Let X be a set and let $f: X\rightarrow X$ be a projection.
We define a relation on X such that $x \sim y$, means that there exist a natural numbers m and n such that $f^m(x)=f^n(y)$
($f^m$ means $f \circ f\circ ... \circ f$ $m$ times)
I´m suppose to show that this is equivalence relation. And I started doing this
- $x\sim x$ $\space$ $f^m(x)=f^n(x)$ for all $x\in X$
- If $x\sim y$ then $y\sim x$ $\space$ $f^m(x)=f^n(y) \Rightarrow f^m(y)=f^n(x)$
- if $x\sim y$ and $y\sim z$ then $x\sim z$ $\space$ $f^m(x)=f^n(y) $ and $f^m(y)=f^n(z)$ than $f^m(x)=f^n(z)$
But than I though this might not be true if m does not equal n.

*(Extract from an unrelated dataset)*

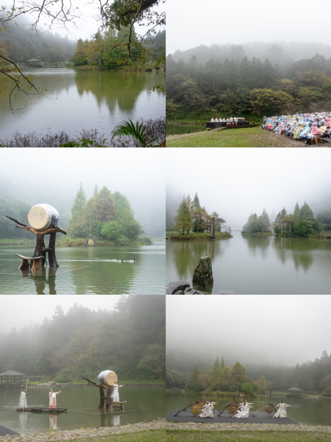 宜蘭的明池森林遊樂區,海拔在1150至1700公尺間,終年雲霧繚繞,景色變化萬千化,沿著明池湖畔漫遊,松鼠、鴛鴦、綠頭鴨與黑天鵝穿梭林間水畔,帶來驚喜。 雖然天空飄著雨,而且雲霧繚繞,優人神鼓表演者也難得穿上了雨衣,但演出內容仍舊動人,鼓聲與鑼音在寂靜的山谷中,敲擊出生命力,雖然因為雨勢過大取消行動劇場的演出

And im not really sure how to show this if m and n are not equal, so if anyone has some idea about it, it would help alot
The fact that $f$ is a projection doesn't seem to be useful.
For reflexity: $$ \forall x \in X, \quad x = x \iff f^0(x) = f^0(x) \implies x \sim x $$
For symmetry if $x, y \in X$ are such that $x \sim y$ then there exists $n, m$ such that $f^n(x) =f^m(y)$. Then $f^m(y) = f^n(x)$ thus $y \sim x$.
For transitivity if $x \sim y$ and $y \sim z$ then there exists $n, m, k, l$ such that $f^n(x) = f^m(y)$ and $f^k(y) = f^l(z)$. Then $f^{kn}(x) = f^{km}(y) = f^{mk}(y) = f^{ml}(z)$ therefore $x \sim z$.
I think you're missing the fact that the $m$ and $n$ in the definition of $\sim$ are not fixed.